This article is written by Ms. Srikrishna Samhita Yadati a Second Year B.A.LL. B student of ILS Law College, Pune
Abstract
This article explores the rising importance of combination drug therapies, merging biological products, drugs, and medical devices for enhanced patient care. It emphasizes the challenges in obtaining patent rights for these combinations, focusing on antibody therapies. A case study involving Ranbaxy Laboratories highlights the complexities in patenting a non-interacting drug combination, with disputes over novelty and non-obviousness. The article underscores the need for a strong understanding of patent laws and the creation of strategic patent portfolios. It concludes that careful consideration of functional properties and thorough freedom-to-operate searches are crucial for successful patenting in the evolving landscape of combination drug therapies.
Keywords: Combination Drug Therapies, patent rights, antibody therapies, Ranbaxy Laboratories, freedom to operate search.
Introduction
The development of combination drug therapies or combination products is on the rise and they are being highly encouraged in most developing nations. They are increasingly incorporating new cutting-edge, novel medical technologies that are very helpful in boosting patient care.
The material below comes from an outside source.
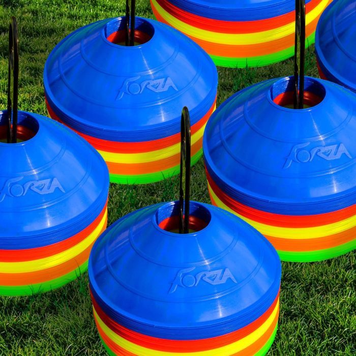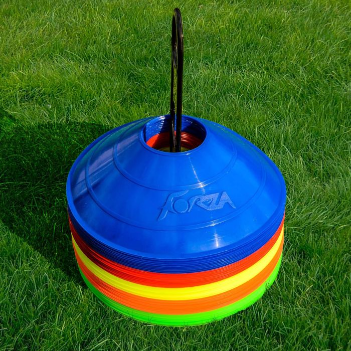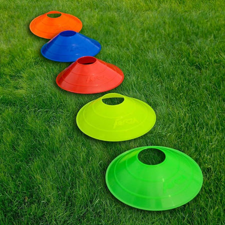 Cônes de marquage d'entraînement de soccer FORZA. Fabriqués en plastique résistant, les cônes ont une largeur de 20,5 cm et une hauteur de 5 cm. Ils sont livrés avec un support en plastique pour le rangement et la portabilité. Disponibles en 10 couleurs fluorescentes, ces cônes de marquage peuvent grandement améliorer l'efficacité et la concentration pendant les séances d'entraînement de soccer.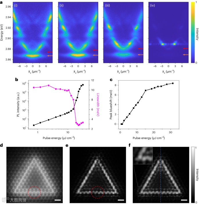 近日,美国伦斯勒理工学院的Wei Bao助理教授与加州大学伯克利分校的张翔教授团队合作展示了在室温且没有任何外部磁场的情况下具有极化子凝聚的拓扑边界态。他们通过使用具有谷霍尔晶格设计的激子CsPbCl3卤化物钙钛矿克服了材料限制。该极化子晶格具有18.8 meV的大带隙,并表现出强烈的非线性极化子凝聚,在临界泵浦密度上具有清晰的长程空间相干性。该非线性多体光子系统的几何参数和材料成分原则上可以进行定制以研究其他准粒子间相互作用的拓扑现象。相关研究成果发表于期刊《Nature Nanotechnology》。(张甜)

As the name itself suggests, a combination product is essentially an amalgamation of biological products, drugs and medical devices for the betterment of the patient’s health. The blending of these medical resources has given pharmaceutical companies tremendous therapeutic opportunities. These combination products have the potential to ensure secure treatment of patients along with effective and acceptable therapeutic benefits. Some of the examples of combination products are drug-eluting cardiovascular stents may reduce the need for repetitive surgeries, proteins incorporated into novel orthopaedic implants that can facilitate bone regeneration, etc. Combination drug therapies have proven to be highly effective in the domain of curing cancer and developing antibody therapies. The most common example of this would be treating early-age breast cancer with surgery combined with radiation therapy or any other drug therapy. This emphasises the efficacy of combination drug therapies and their growing role in the medical field.
Now that the significance and usefulness of combination drug therapies have been established, there is a growing to protect them as well. That is done by none other than IPR legislation, specifically patent laws. Acquiring patent rights for combination products can attract many challenges because it may become difficult to identify the grounds of non-obviousness and novel steps as they might be a combination of already patented drugs or clinical devices. While in an amalgamation process, the specific preparation of components in a product itself may be novel and independent which may result in new scientific use of that product itself and it may not pose much of the developmental challenges. However, the former problem remains persistent today due to the complex combination of procedures of medical resources. Therefore, there is a need for the makers of combination products to get a complete understanding of patent laws so that they can easily reap the benefits and cover incremental improvements.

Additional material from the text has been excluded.